TASK ITEM >> An exact copy, beginning at the line containing "Рис. 3. Місце" and ending at the final line of the records that follow, is the answer; it has no pictures and no other text.

Source records
====================
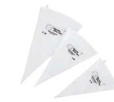
⑤テルモハウザー ウльтра ベストリーバッグ
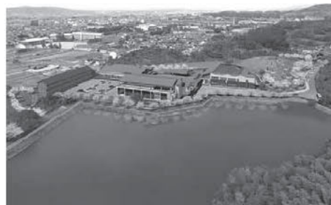
【なら歴史芸術文化村】完成イメージ

7月4日、奈良県と天理大学との間において、なら歴史芸術文化村に関する連携協定が締結されました。
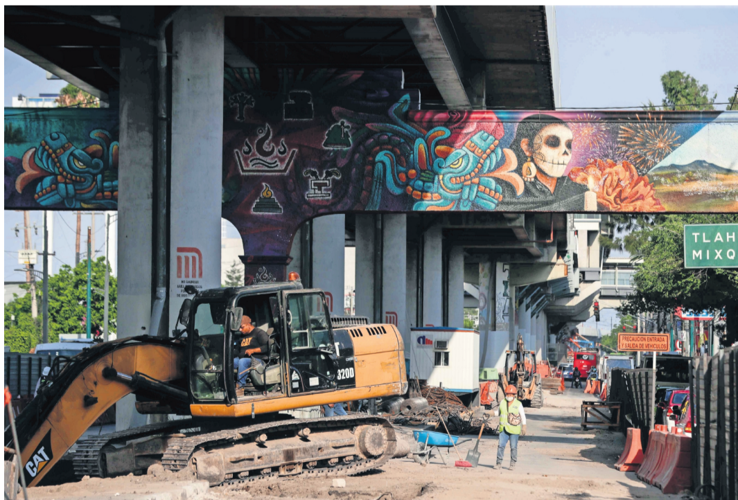
Pese al avance en las obras de reparación de la Línea 12 del Metro, aún no hay fecha de reapertura.
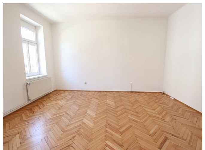
Tolle 101m 2 - 4 Zi Altbauwohnung - Mariannengasse
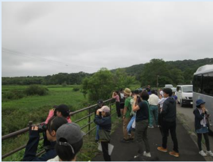
タンチョウの観察
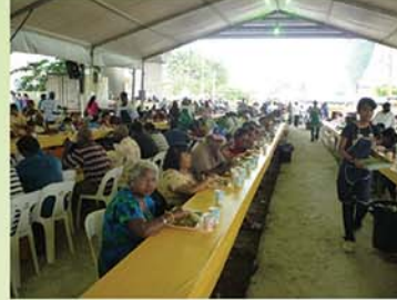
Food Serving Area உணவு பரிமாறும்படம் இடம்
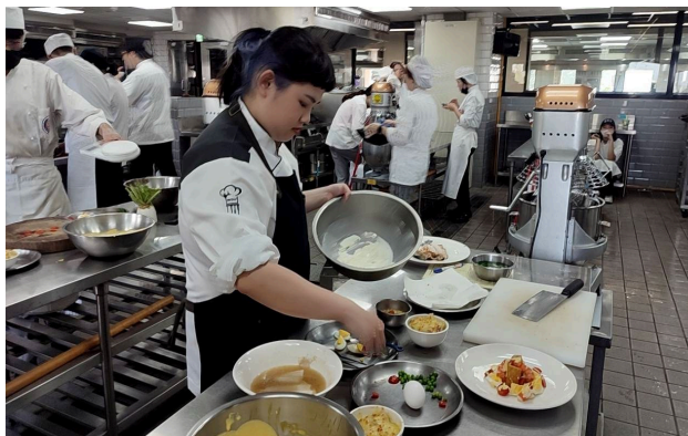
中麵丙級證照課程
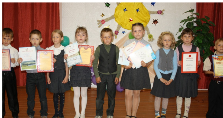
Самый активный класс
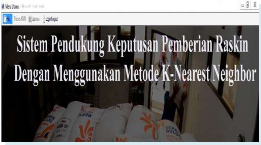
Gambar IV.1 Menu Utama
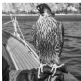
falco a bordo di Aria (clicca per ingrandire)
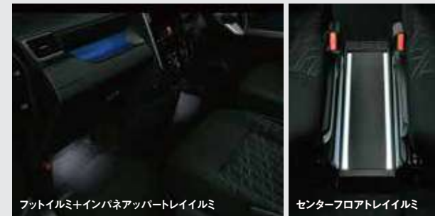
フットイルミ+インパネアップパートレイイルミ センターフロアトレイルミ
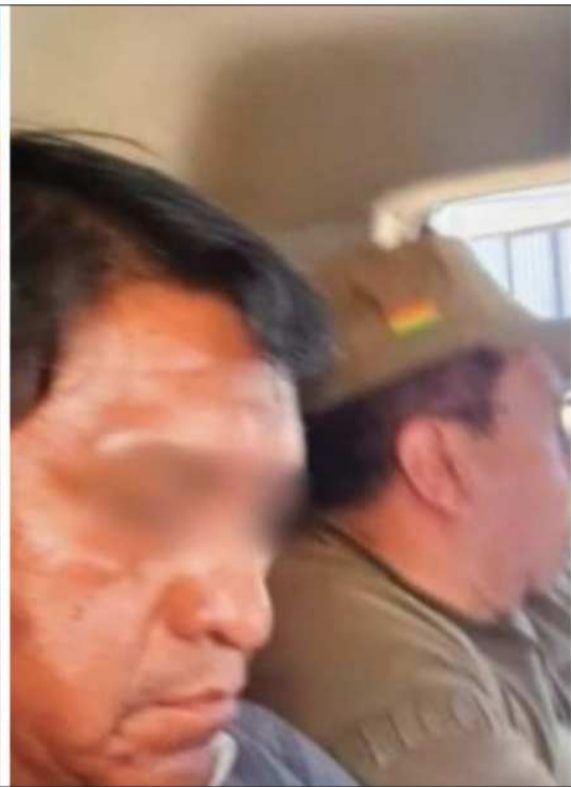
APREHENDIDOS. Los subalcaldes de Cotahuma y Achocalla fueron aprehendidos por el caso Bajo Llojeta.

mó la segunda aprehensión del funcionario de la Alcaldía de Achocalla.
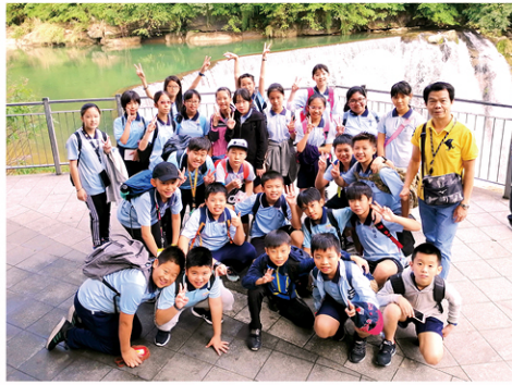
十分瀑布有如萬馬奔騰傾瀉而下，氣勢宏偉壯觀，全班在瀑布前合影留念。
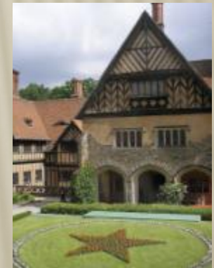
Дворец Цецилиенхоф — место проведения Потсдамской конференции
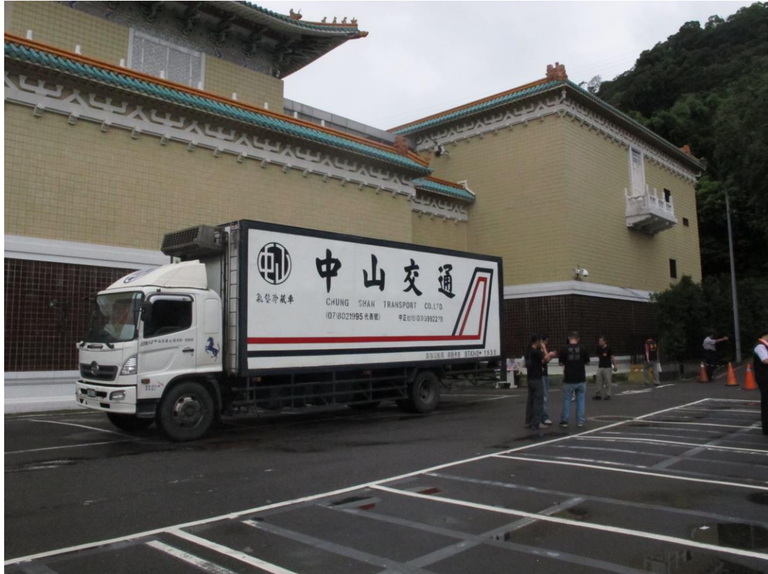
圖 13 廣州藝術博物院借展文物順利抵院
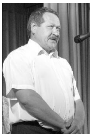
Глава администрации СП "Село Красное" приветствует односельчан и гостей села.
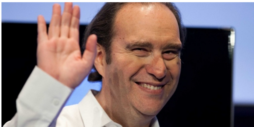
Xavier Niel figure cette année au 10e rang du classement Challenges 500 plus grandes fortunes professionnelles.

330 milliards d'euros. La fortune totale des 500 Français les plus riches a progressé de presque 25 % en un an. De quoi donner le tournis. Et fournir quelques arguments à une France qui a toujours détesté ses riches, surtout en période de crise. Jamais depuis 1996, année où Challenges a lancé son classement des "500", leur fortune globale n'avait atteint de tels sommets.
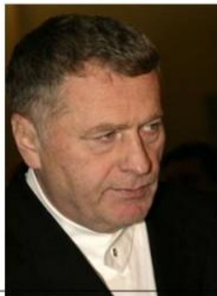
Владимир Вольфович Жириновский

Радикальная партия, выступающая за сильное государство, которому должны быть подчинены интересы всех его граждан.
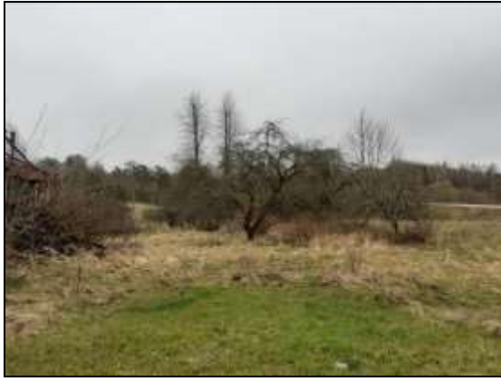
Novērtējamais zemes gabals
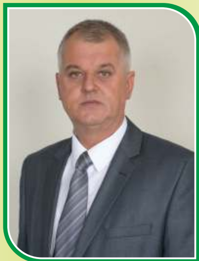
PREDSJEDAVAJUĆI OV SENAD SUBAŠIĆ (SDA)
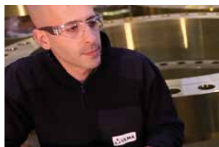
ERREPORTAJEA. Kualifikazio profesionala: erronka, aukera.
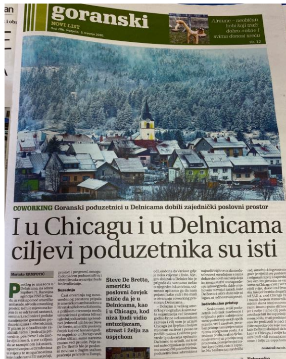
Slika 4: Isječak iz Goranskog Novog lista (travanj 2020)
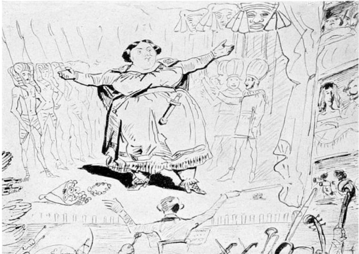
Figura 2.6, Eugène Giraud, Marietta Alboni nel ruolo di Arsace nella Semiramide di Rossini, riprodotta in LIONEL DAURIAC, Rossini. Biographie critique, Parigi, Laurens, 1902, https://w.wiki/KcrM , consultato il 31 marzo 2026.
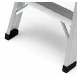
Zapatas en caucho antideslizante.
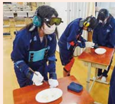
写真は11月10日(月)に瑞浪南中学校にて行われた出前講座の様子です

体験を通して、相手の気持ちに寄り添って行動することやあたたかい福祉の心を学んでいただきました。学校だけでなく、一般企業やサロンなどへも出かけていきますので「福祉について学んでみよう」と思われたときには、社会福祉協議会へご相談ください。
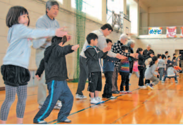
◆天井まで飛んで行け～!!
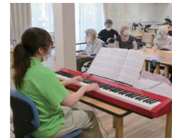
アンジェス嵯峨広沢
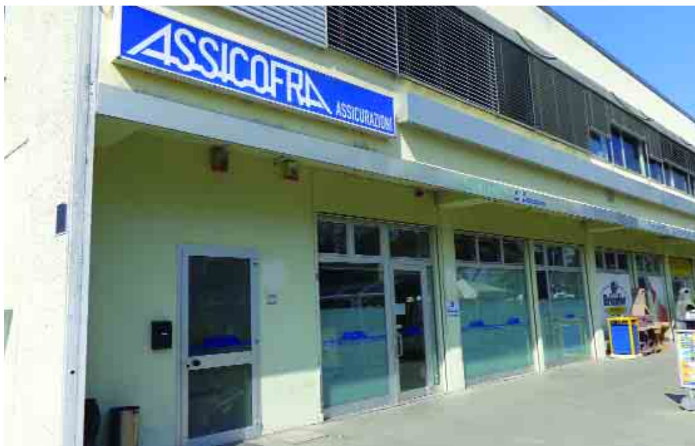
Gli uffici di Assicofra a Faenza, in via Volta 11.

Se sei un professionista già formato nel ramo assicurazioni e sei interessato ad inserirti in una struttura ben avviata contatta Assicofra allo 0546 621641 o invia il tuo curriculum a info@assicofra.it
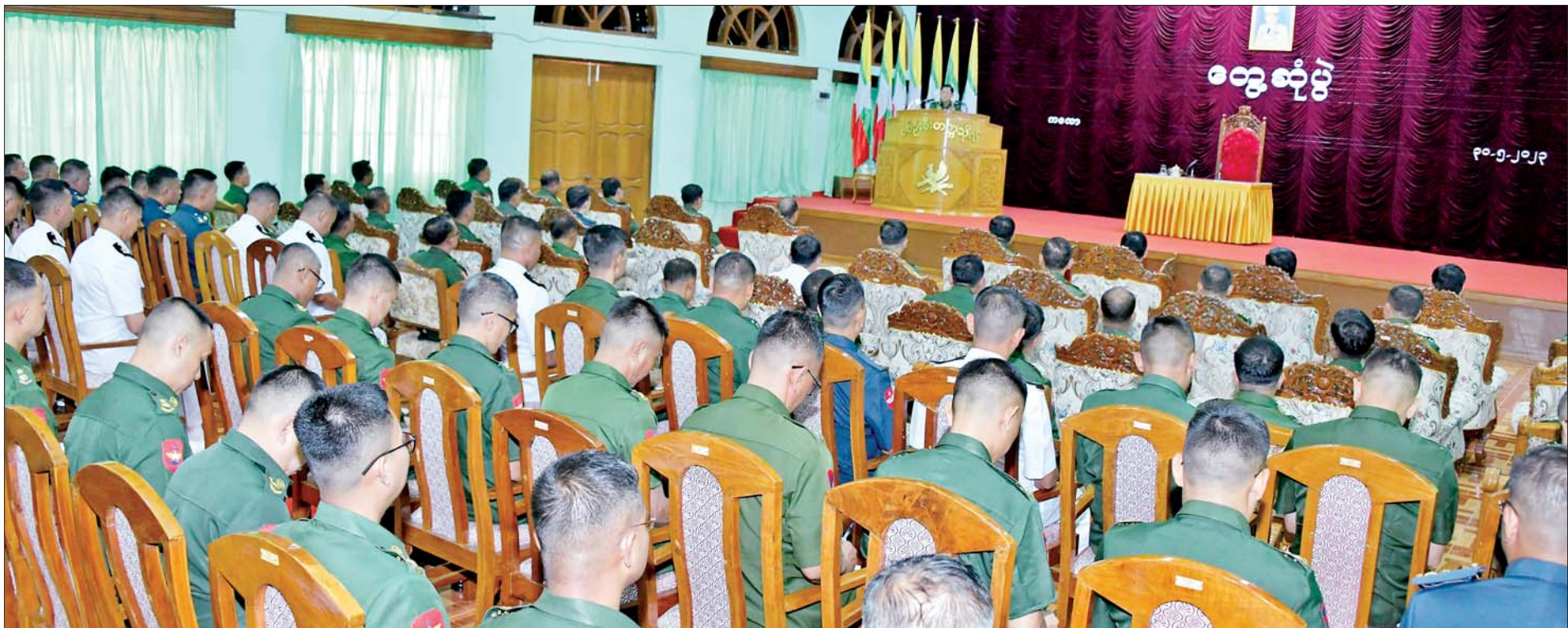
နိုင်ငံတော်စီမံအုပ်ချုပ်ရေးကောင်စီဥက္ကဋ္ဌ တပ်မတော်ကာကွယ်ရေးဦးစီးချုပ် ဗိုလ်ချုပ်မှူးကြီးမင်းအောင်လှိုင် စစ်ဦးစီးတက္ကသိုလ်မှ နည်းပြအရာရှိကြီးများနှင့် သင်တန်းသားအရာရှိကြီးများအား တွေ့ဆုံအမှာစကား ပြောကြားစဉ်။
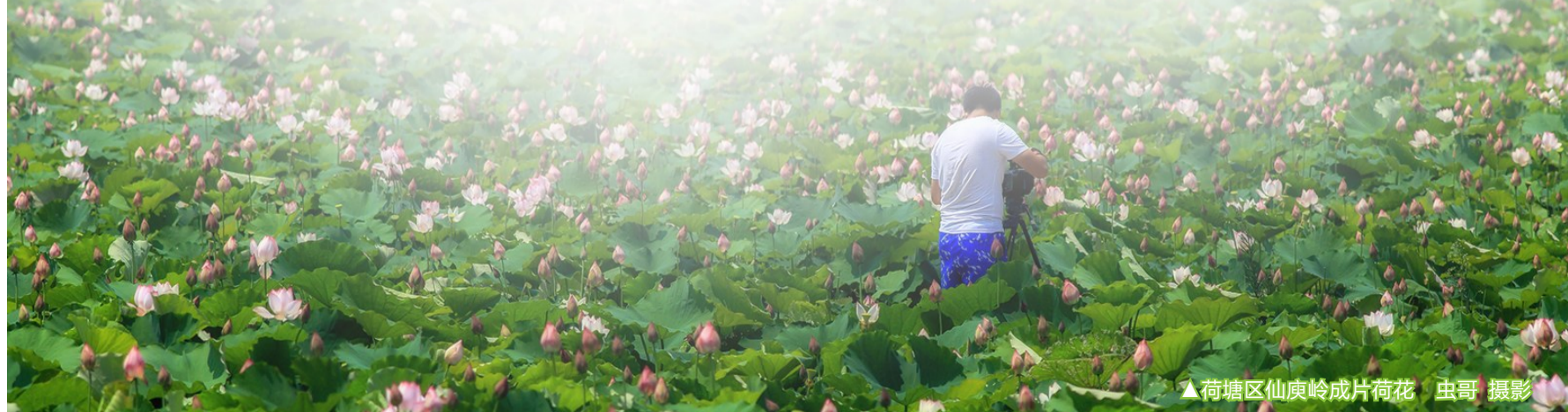
▲荷塘区仙庾岭成片荷花

乡村旅游节又是推进富民强民的重要途径。举办旅游节,归根结底就是要将旅游红利转嫁到人民大众身上,让老百姓得到“真金白银”。比如,炎陵、茶陵等贫困县,通过开展乡村旅游,使贫困户真正受益。
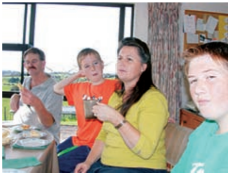
真冬のNZフランクリン市プケコへ(家庭の中はもちろん外も温かです)

原村は、ニュージーランド(NZ)・フランクリン市・プケコへの間で相互友好都市を締結し、今年で5周年を迎えます。また過去10回の中学生海外ホームステイを実施し1200人の生徒と23人の引率者がプケコを訪れています。友好都市との交流がさらに深まることを願い、(財)自治体国際化協会(CLEA)の地域国際化施策支援特別対策事業の補助を受け、テ・ハエレンガプロジェクト(マオリ語で様々な交流と出会い)として大人の訪問団を友好都市に派遣いたします。参加を希望される方は、8月20日(月)までに、村づくり戦略推進室までお申し込みください。
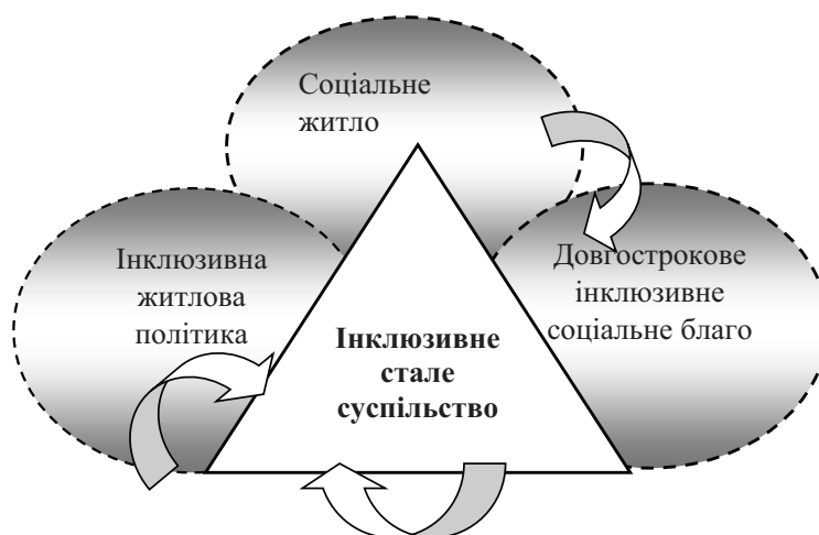
Рис. 3. Місце і роль соціального житла у формуванні інклюзивної житлової політики
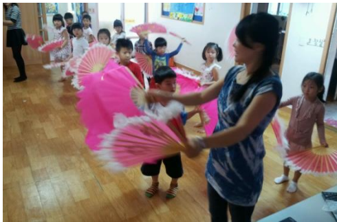
<다문화 어린이 대상 부채춤>
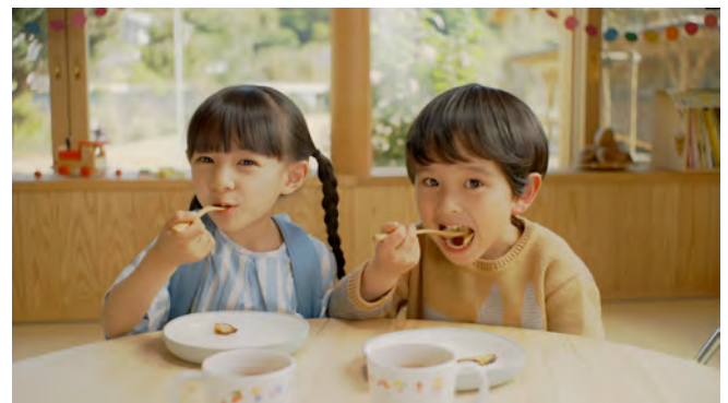
▲しいたけが大好きになった子供たち
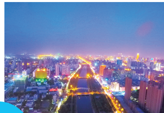
昨日华灯初上的东风渠
====================
SOLVED PROBLEM >>
Рис. 3. Місце і роль соціального житла у формуванні інклюзивної житлової політики
<다문화 어린이 대상 부채춤>
▲しいたけが大好きになった子供たち
昨日华灯初上的东风渠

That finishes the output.